# HOW TO COMPLETE THIS TASK
Retype, word for word, every line of the records below starting at the one that contains "ketchup 350g pikantny, łagodny" and ending at the one that contains "Photo de groupe"; include both of those lines and nothing more.

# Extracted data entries

☆ ☆ ☆ ☆ ☆

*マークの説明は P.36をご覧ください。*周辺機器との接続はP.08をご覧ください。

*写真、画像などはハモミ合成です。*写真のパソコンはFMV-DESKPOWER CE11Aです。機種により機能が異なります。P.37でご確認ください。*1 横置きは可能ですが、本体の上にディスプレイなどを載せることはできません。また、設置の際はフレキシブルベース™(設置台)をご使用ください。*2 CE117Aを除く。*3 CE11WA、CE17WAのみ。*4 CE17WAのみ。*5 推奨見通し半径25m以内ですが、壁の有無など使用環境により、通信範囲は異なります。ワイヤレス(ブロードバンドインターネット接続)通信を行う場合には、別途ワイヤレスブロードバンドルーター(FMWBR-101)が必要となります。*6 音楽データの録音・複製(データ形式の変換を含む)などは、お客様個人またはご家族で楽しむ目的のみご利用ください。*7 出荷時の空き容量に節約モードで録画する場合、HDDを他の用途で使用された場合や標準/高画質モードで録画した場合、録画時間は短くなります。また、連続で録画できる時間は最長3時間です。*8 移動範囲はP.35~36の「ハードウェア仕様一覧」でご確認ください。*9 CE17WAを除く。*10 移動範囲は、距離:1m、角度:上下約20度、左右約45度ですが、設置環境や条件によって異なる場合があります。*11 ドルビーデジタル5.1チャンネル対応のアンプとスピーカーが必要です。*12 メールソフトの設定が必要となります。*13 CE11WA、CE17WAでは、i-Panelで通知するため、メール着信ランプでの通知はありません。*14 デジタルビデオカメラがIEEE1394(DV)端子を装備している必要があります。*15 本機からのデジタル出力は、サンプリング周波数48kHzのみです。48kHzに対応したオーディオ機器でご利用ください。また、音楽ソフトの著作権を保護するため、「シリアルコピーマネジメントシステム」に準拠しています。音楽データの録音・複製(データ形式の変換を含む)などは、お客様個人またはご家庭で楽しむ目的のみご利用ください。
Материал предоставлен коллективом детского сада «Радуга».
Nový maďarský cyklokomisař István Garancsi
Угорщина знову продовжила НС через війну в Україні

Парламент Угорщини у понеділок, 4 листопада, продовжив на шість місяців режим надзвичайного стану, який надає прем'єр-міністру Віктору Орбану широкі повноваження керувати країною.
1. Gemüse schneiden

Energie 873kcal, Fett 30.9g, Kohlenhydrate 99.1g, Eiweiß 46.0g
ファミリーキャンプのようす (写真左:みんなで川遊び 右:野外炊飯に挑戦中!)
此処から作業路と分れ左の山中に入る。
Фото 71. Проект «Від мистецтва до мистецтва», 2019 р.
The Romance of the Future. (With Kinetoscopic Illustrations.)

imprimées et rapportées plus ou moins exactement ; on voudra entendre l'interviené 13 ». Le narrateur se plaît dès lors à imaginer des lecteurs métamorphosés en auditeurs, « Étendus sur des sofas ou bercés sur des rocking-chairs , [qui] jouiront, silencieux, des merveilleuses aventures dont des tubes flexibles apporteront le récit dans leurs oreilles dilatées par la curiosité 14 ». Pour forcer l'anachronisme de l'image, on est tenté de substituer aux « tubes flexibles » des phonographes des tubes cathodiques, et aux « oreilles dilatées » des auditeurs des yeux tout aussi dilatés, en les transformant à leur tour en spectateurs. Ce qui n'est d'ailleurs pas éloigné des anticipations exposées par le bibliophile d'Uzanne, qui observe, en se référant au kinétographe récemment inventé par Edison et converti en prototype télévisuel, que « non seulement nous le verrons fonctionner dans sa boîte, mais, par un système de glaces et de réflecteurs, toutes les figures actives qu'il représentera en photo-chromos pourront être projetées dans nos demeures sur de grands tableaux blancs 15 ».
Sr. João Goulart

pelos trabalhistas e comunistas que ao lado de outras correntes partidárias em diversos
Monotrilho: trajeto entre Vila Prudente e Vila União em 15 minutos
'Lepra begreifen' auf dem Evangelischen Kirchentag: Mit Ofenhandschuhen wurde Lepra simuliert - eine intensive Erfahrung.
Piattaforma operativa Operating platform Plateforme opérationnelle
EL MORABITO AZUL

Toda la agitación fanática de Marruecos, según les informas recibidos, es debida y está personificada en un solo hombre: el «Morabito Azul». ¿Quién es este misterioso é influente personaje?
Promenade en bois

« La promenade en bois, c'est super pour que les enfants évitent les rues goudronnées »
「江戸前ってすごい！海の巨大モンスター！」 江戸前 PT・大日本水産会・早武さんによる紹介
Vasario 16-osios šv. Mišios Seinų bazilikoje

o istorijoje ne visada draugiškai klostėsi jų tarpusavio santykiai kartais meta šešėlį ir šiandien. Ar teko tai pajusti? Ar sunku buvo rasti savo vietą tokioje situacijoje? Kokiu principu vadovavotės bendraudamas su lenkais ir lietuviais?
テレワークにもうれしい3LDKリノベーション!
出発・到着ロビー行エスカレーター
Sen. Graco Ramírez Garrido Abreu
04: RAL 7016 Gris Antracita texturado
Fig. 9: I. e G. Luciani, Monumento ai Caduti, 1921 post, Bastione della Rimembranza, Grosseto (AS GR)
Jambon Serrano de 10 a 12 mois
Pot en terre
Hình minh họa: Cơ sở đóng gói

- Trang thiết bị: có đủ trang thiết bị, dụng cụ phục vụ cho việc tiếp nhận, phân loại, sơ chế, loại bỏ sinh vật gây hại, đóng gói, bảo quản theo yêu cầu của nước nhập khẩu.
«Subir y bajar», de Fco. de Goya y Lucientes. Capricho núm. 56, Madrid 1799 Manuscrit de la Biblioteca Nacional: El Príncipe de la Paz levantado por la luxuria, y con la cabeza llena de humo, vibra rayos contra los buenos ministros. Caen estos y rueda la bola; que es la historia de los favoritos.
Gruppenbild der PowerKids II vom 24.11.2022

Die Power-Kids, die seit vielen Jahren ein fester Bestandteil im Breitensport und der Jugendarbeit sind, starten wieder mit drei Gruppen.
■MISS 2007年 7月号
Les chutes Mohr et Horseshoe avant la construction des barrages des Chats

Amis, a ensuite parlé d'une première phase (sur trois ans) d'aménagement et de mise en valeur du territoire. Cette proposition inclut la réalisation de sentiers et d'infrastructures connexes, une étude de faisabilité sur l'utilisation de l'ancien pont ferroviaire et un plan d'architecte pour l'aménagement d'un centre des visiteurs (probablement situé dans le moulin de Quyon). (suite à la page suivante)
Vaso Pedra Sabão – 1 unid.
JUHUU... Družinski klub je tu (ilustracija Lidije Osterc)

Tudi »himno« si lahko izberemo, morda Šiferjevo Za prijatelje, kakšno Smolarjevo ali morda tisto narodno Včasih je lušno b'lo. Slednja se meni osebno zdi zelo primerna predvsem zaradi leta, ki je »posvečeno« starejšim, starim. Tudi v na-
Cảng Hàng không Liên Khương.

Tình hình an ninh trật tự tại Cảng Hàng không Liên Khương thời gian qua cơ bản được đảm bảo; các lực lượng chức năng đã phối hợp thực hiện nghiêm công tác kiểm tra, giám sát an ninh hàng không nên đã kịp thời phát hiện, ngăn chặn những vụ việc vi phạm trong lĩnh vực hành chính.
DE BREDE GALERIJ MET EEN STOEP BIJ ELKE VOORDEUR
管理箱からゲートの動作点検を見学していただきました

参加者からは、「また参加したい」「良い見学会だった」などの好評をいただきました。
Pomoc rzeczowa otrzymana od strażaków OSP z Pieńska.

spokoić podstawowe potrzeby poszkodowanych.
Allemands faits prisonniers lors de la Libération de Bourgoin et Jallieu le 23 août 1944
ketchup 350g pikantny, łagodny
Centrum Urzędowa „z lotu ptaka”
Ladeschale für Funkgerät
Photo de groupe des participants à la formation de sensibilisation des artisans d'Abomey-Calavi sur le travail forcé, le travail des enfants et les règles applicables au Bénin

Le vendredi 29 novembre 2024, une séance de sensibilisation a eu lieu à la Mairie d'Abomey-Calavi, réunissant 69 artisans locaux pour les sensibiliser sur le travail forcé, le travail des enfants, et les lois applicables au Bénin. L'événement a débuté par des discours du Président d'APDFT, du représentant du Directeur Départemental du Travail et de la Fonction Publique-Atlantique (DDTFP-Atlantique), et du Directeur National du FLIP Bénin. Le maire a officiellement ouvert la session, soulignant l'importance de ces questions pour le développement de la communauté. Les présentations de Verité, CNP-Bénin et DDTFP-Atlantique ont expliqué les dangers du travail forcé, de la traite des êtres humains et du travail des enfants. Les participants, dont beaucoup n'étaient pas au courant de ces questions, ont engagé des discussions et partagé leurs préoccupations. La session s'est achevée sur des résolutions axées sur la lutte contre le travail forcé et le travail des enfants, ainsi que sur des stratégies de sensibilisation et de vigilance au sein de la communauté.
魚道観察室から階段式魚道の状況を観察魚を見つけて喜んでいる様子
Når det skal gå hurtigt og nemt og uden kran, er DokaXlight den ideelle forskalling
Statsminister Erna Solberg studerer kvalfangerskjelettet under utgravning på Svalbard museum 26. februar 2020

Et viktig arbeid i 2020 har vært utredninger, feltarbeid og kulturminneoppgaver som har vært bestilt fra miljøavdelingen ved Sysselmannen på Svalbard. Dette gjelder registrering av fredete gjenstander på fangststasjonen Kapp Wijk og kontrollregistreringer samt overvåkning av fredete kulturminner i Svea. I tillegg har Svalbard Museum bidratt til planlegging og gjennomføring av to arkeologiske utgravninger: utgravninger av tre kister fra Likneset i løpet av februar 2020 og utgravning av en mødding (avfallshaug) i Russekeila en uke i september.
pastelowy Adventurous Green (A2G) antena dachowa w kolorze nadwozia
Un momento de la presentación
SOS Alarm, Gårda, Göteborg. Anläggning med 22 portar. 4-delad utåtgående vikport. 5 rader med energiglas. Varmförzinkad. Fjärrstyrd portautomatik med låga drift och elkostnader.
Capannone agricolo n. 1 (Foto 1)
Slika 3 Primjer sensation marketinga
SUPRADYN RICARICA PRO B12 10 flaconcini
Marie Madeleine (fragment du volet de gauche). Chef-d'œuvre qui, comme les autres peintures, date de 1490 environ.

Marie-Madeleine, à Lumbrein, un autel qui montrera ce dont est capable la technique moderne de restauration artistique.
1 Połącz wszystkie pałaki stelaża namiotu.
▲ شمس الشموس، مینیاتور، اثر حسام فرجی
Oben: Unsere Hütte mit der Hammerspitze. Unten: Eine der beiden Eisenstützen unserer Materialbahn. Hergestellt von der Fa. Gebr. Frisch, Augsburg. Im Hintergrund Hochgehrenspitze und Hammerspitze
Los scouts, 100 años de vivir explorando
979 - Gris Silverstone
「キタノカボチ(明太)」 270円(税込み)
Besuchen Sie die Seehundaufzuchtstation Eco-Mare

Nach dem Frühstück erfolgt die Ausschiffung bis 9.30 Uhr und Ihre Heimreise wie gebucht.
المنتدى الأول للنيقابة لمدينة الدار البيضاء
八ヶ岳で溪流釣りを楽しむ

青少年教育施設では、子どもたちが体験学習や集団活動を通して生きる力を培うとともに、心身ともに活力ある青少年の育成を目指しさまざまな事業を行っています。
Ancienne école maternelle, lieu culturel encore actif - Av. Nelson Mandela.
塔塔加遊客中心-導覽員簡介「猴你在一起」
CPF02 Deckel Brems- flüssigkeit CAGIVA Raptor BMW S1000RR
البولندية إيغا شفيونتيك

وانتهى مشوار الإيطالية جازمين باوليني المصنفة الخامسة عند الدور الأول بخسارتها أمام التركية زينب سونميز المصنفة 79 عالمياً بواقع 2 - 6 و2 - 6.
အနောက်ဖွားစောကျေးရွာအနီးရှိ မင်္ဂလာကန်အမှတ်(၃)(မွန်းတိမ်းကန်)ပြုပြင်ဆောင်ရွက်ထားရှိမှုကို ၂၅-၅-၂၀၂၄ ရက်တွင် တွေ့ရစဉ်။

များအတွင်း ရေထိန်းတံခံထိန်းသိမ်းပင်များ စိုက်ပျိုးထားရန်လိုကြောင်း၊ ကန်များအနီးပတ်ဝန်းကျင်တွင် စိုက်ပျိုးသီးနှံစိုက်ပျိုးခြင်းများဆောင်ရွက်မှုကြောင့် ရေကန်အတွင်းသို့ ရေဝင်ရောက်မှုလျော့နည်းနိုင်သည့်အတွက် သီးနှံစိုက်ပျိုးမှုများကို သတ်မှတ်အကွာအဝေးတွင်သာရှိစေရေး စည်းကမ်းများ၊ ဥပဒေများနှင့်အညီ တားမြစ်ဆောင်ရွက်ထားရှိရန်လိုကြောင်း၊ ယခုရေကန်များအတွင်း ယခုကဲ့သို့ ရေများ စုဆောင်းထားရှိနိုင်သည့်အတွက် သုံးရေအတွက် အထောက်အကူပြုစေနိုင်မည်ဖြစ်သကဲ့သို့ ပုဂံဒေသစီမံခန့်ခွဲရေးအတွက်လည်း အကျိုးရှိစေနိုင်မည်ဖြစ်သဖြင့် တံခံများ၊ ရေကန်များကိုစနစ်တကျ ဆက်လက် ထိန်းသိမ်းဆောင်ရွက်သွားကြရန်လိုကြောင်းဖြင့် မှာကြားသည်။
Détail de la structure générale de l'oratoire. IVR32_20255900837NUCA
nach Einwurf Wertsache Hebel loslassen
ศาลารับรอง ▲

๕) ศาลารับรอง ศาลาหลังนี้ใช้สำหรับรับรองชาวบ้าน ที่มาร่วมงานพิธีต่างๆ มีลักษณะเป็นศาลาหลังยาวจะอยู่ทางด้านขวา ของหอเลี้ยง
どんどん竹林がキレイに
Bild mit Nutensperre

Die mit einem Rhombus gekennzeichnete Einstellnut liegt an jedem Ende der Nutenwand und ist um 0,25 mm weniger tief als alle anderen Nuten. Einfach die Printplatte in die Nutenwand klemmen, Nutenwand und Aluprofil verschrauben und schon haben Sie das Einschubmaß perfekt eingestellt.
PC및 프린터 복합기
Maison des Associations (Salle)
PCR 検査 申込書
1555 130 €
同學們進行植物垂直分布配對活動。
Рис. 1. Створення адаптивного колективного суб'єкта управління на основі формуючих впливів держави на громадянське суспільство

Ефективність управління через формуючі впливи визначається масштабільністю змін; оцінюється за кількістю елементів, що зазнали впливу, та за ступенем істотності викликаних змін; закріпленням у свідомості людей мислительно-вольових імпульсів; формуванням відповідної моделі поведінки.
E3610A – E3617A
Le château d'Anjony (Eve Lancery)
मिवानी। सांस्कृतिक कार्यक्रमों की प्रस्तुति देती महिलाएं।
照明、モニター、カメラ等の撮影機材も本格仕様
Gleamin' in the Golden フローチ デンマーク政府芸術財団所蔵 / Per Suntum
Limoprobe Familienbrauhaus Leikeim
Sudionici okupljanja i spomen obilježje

☆ ☆ ☆ ☆ ☆

# OUTPUT OF THE EXERCISE
ketchup 350g pikantny, łagodny
Centrum Urzędowa „z lotu ptaka”
Ladeschale für Funkgerät
Photo de groupe des participants à la formation de sensibilisation des artisans d'Abomey-Calavi sur le travail forcé, le travail des enfants et les règles applicables au Bénin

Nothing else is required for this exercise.